Preprocessing thereof

Audio recordings are processed to extract relevant features, such as tone, intonation, speed, and other characteristics that define the voice.

Deep learning models:

Deep learning models are used, such as recurrent neural networks (RNN), to learn complex patterns in voice data. These models can be trained to capture the variability and subtleties of the voice.

Model Training

The model is trained using the collected data set. During training, the model adjusts its weights and parameters to minimize the difference between the generated voice and the real voice of the target speaker.

Voice generation

Once trained, The model can generate synthetic voice that imitates the original voicel. You can provide text as input, and the model will generate the corresponding speech.

How can we use Audiobox in Spain?

To use this new service in Spain we will simply have to access the Audiobox website, register and we can now use it from the computer. Of course, we will have certain reservations that we should know:

  • Moment only works with English audio, since it is a beta
  • It is likely that the end result is something robotic, which is normal because it is not yet completely polished.

Are there risks in using programs like Audiobox?

Hackers could use Audiobox to commit digital crimes

Hackers could use Audiobox to commit digital crimes

Voice cloning with artificial intelligence presents several risks and ethical challenges, above all linked to the condition of human beings, since not everyone is going to make good use of this type of technology, which is dangerous in the wrong hands. Specifically, the big risks that we see when using a program of this type are the following:

Fraud and identity theft

The ability to clone voices could be used to carry out fraud and identity theft in phone calls, voice messages or audio recordings.

This could have serious consequences in terms of security and trust, especially at a time when telematic procedures or purchasing products over the telephone are becoming more popular.

Disinformation and manipulation

Voice cloning technology could be used to create fake audio recordings in order to spread misinformation or manipulate public opinions. This raises concerns in the context of misinformation and manipulation of reality.

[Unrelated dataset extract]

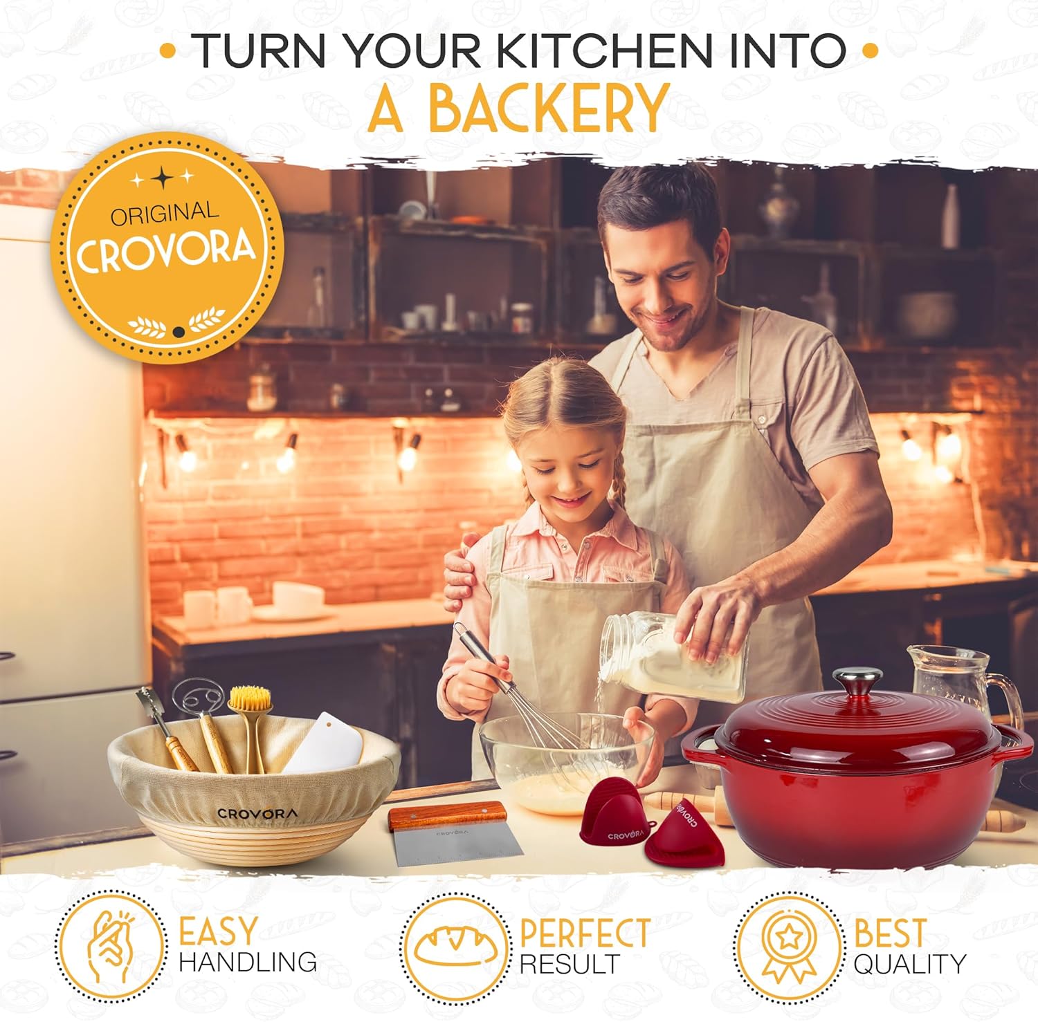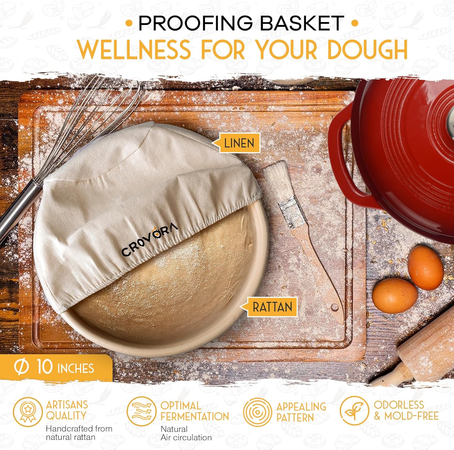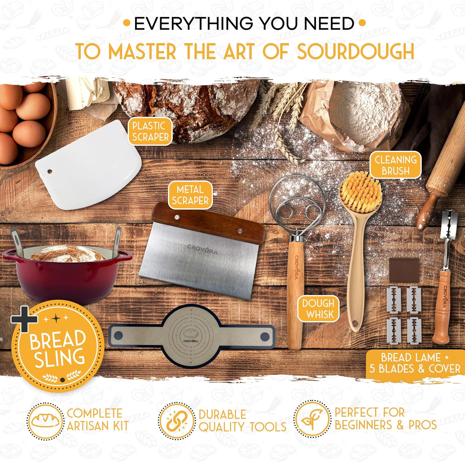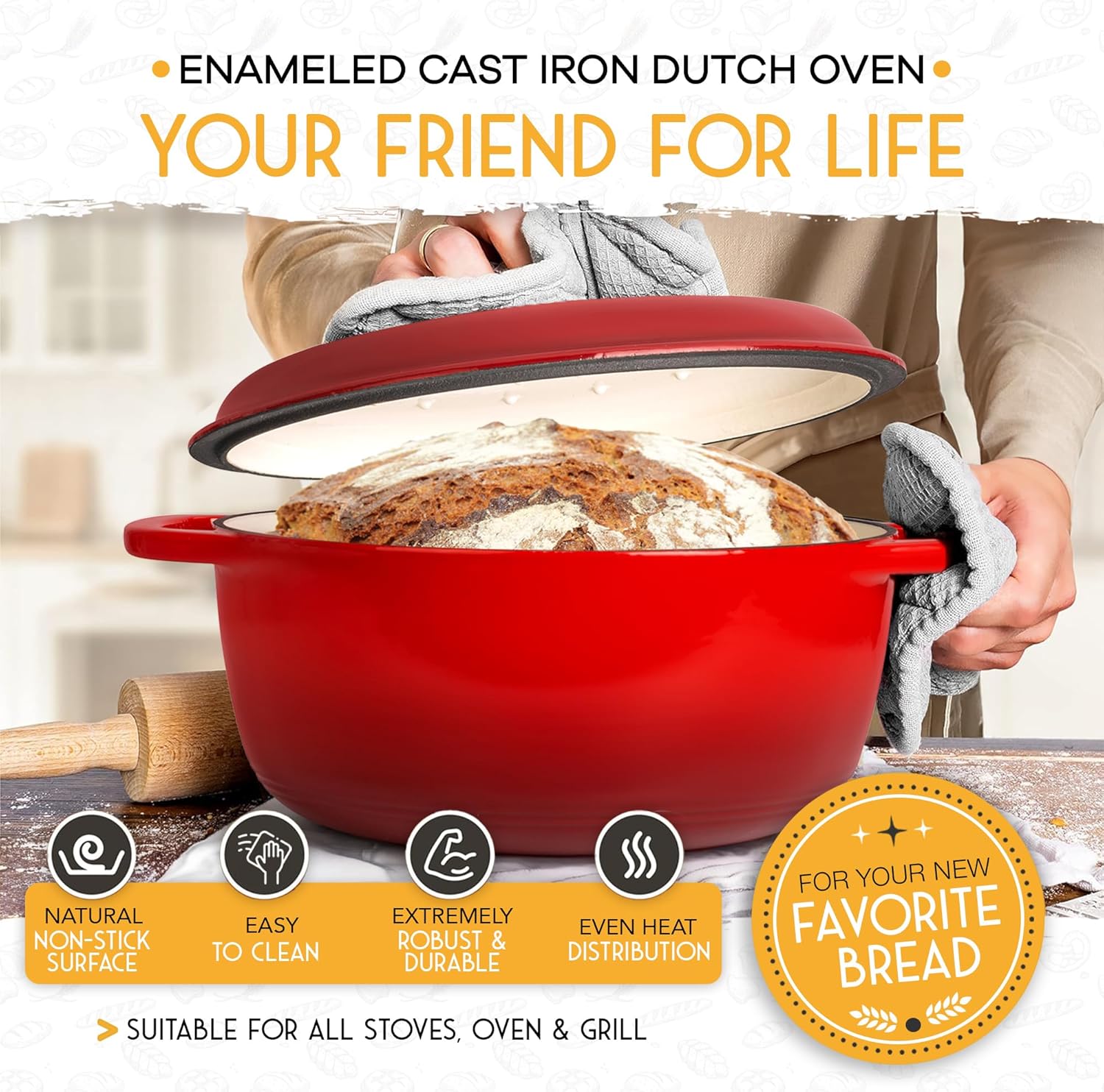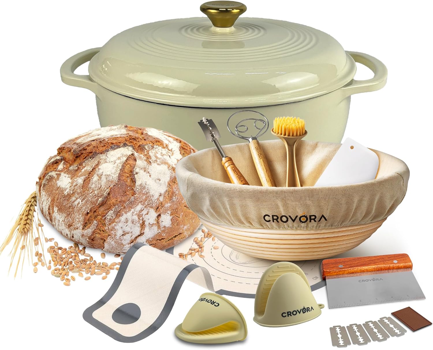 6 QT Enameled Cast Iron Dutch Oven for Bread Baking with Lid - Incl. Sourdough Bread Baking Supplies like Banneton Bread Proofing Basket, Cast Iron Bread Oven, Bread Pan, bread making tools

This could affect individuals, companies or even public figures, who could see their voices used to generate false and interested content, such as an audio of a President admitting bribes when he never did so in real life, for example, with the repercussion legal and media that this would entail.

Phishing and social engineering

Voice cloning could used in phishing and social engineering attacks, where attackers try to trick people into believing that they are interacting with someone they trust, in order to try to obtain their data for illegal things.

Let's imagine hackers asking a person for a quick transfer or a Bizum with the voice of a child because they need a quick deposit, or asking for a moment for the bank password to "see something about the account", for example. example.

Legal issues and liability

Misuse of voice cloning could lead to legal issues and liability challenges, as Determining the authenticity of voice recordings could become more complicated. And although before experts and experts were needed to see the authenticity, now the factor of cloned voices will have to be taken into account for trials.

For our part, we just have to wait to see how this evolves and if Meta will get its act together with the security issue. At the moment they have announced that the project will be closed source, so we advise a certain caution when it comes to using our voice for this, since we are not clear exactly what use the company will give to the data collected. .


Leave a Comment

Your email address will not be published. Required fields are marked with *

*

*

  1. Responsible for the data: Actualidad Blog
  2. Purpose of the data: Control SPAM, comment management.
  3. Legitimation: Your consent
  4. Communication of the data: The data will not be communicated to third parties except by legal obligation.
  5. Data storage: Database hosted by Occentus Networks (EU)
  6. Rights: At any time you can limit, recover and delete your information.